Normalized differential vegetation index (NDVI)

  • Source: Sentinel-2, Level 1C Top of Atmosphere Reflectance
  • Resolution: 10 m
  • Notes:
    • Retrieved from S2
    • Retrieved all available tiles for target range within most recent full calendar year
    • Used the S2 QA60 layer of corresponding tile for cloud masking
      • Workflow drawn from here:
      • Filtered to subset of images in which cloud cover was 30% or less
      • In remaining images, masked out pixels obscured by clouds (Band 10) or cirrus (Band 11)
    • NDVI calculated for each remaining image as the normalized difference between Band 8 and Band 4.
    • A composite ‘greenest’ pixel image was then created by selecting the maximum NDVI for each pixel location across the year of interest.

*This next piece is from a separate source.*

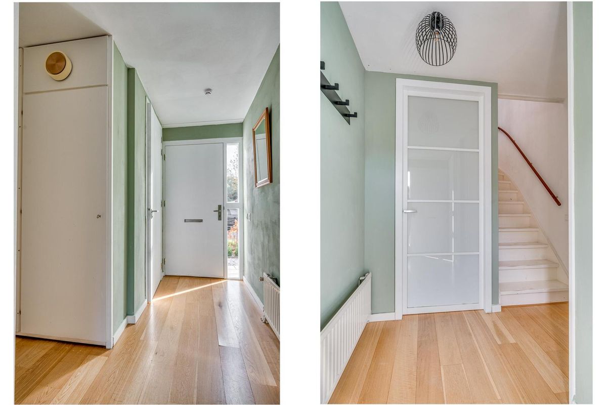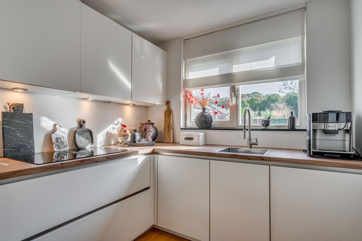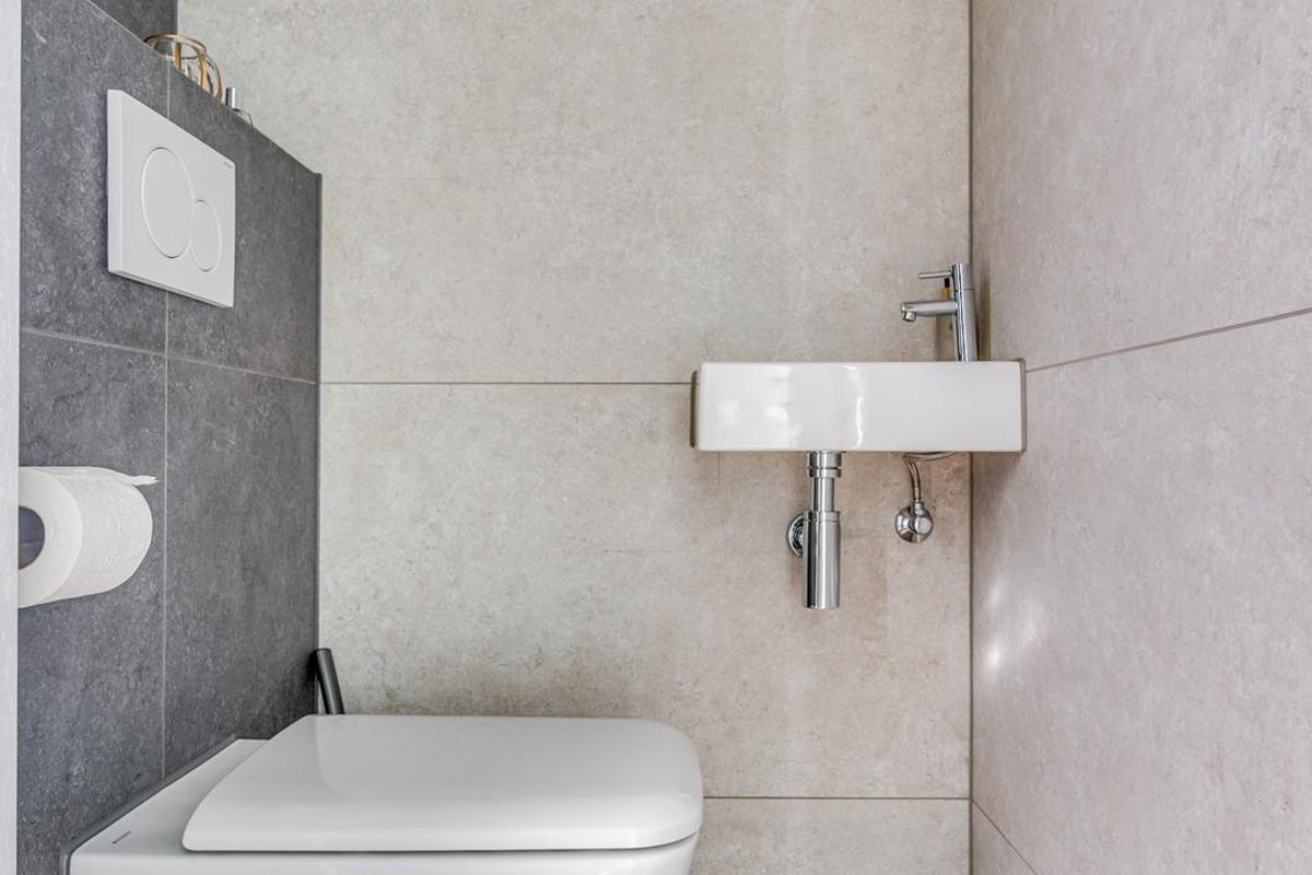 Vanuit de eigen oprit is de entree van de woning en de berging te bereiken. De entree/hal geeft toegang tot de trapopgang naar de 1e verdieping, meterkast, separate toiletruimte en de woonkamer. De geheel betegelde toiletruimte is voorzien van een zwevend toilet, fonteintje en mechanische ventilatie. Middels een loopdeur is er toegang tot de woonkamer met open keuken. De woonkamer is aan de achterzijde ingericht met de zithoek en loopdeur naar de overkapping. De keuken met eethoek is aan de voorzijde gelegen. De keuken is voorzien van een inductiekookplaat met interne afzuiging, vaatwasmachine, koelkast, combioven/ magnetron en spoelbak. De woonkamer beschikt verder over veel lichtinval en een airco. Verder is er een trapkast aanwezig en is er middels een loopdeur toegang tot de hal. De hal geeft de mogelijkheid om de riante slaapkamer, badkamer en inpandige berging te betreden. De slaapkamer is ca. 16m² groot en geeft middels een loopdeur wederom toegang tot de tuin met overkapping welke middels glazen schuifwanden afsluitbaar is. De mooie riante badkamer is modern, volledig betegeld en voorzien van een inloopdouche, wastafel met meubel, zwevend toilet, mechanische ventilatie en een designradiator. De inpandige berging geeft de mogelijkheid om de fietsen etc. in te plaatsen.
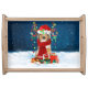 Rough Collie Dog in Snow with Christmas Gifts Serving Tray

  • Source (USA): USGS National Elevation Dataset
    • Resolution: ⅓ arc second
    • Notes:
    • Elevation data retrieved from AWS and converted from WGS84 to NAD83 10m resolution
    • Slope calculated using RasterModelGrid calc_slope_at_node function.
  • Source (global): Copernicus GLO-30
    • Resolution: 30m
    • Notes:
      • Elevation data retrieved from AWS and expanded into 10m resolution using the bilinear resampling algorithm in the rio.warp.Resampling python package
      • Slope calculated using RasterModelGrid calc_slope_at_node function.

Soil type

  • Source: SSURGO (USA)
  • Notes
    • Relevant state level geodatabases retrieved and locally downloaded
    • Map Unit polygon (MUPOLYGON) layer extracted from geodatabase via API through python
    • Extract ‘om_r’ and ‘claytotal_r’ layers
    • Map Unit symbol (MUSYM) data joined to MUPOLYGON data and converted into a 10 m resolution raster in the NAD83 projection
    • MUSYM is a string representing the soil type of each map unit.
    • Converting these data to raster format also required converting them from a string format to numerical format. Discovered an error after stratification wherein some MUSYM values were unsuccessfully converted, resulting in NA values.

Layer Processing

Data inputs including all those described above are resampled to match the highest resolution of all layers included (10 m) using the bilinear interpolation technique from the rasterio python package then clipped to the target field boundary. A 10-30m buffer is applied to the field boundary based on field size to exclude field edges and avoid potential edge effects. These layers are then converted into a dataframe using the pandas package in python.


K-Means Clustering

This dataframe is then passed into the sklearn KMeans python package with 2-20 clusters. Each clusters’ wss (Within-Cluster-Sum) score is plotted to determine the “elbow” of the graph, where the wss score reduction flattens as the strata number increases. This is done to find the optimum strata number that has the highest reduction in wws score with the lowest strata number. Once the optimum cluster number is determined, the KMeans cluster with that number of strata’s values are added as a column to the layers dataframe.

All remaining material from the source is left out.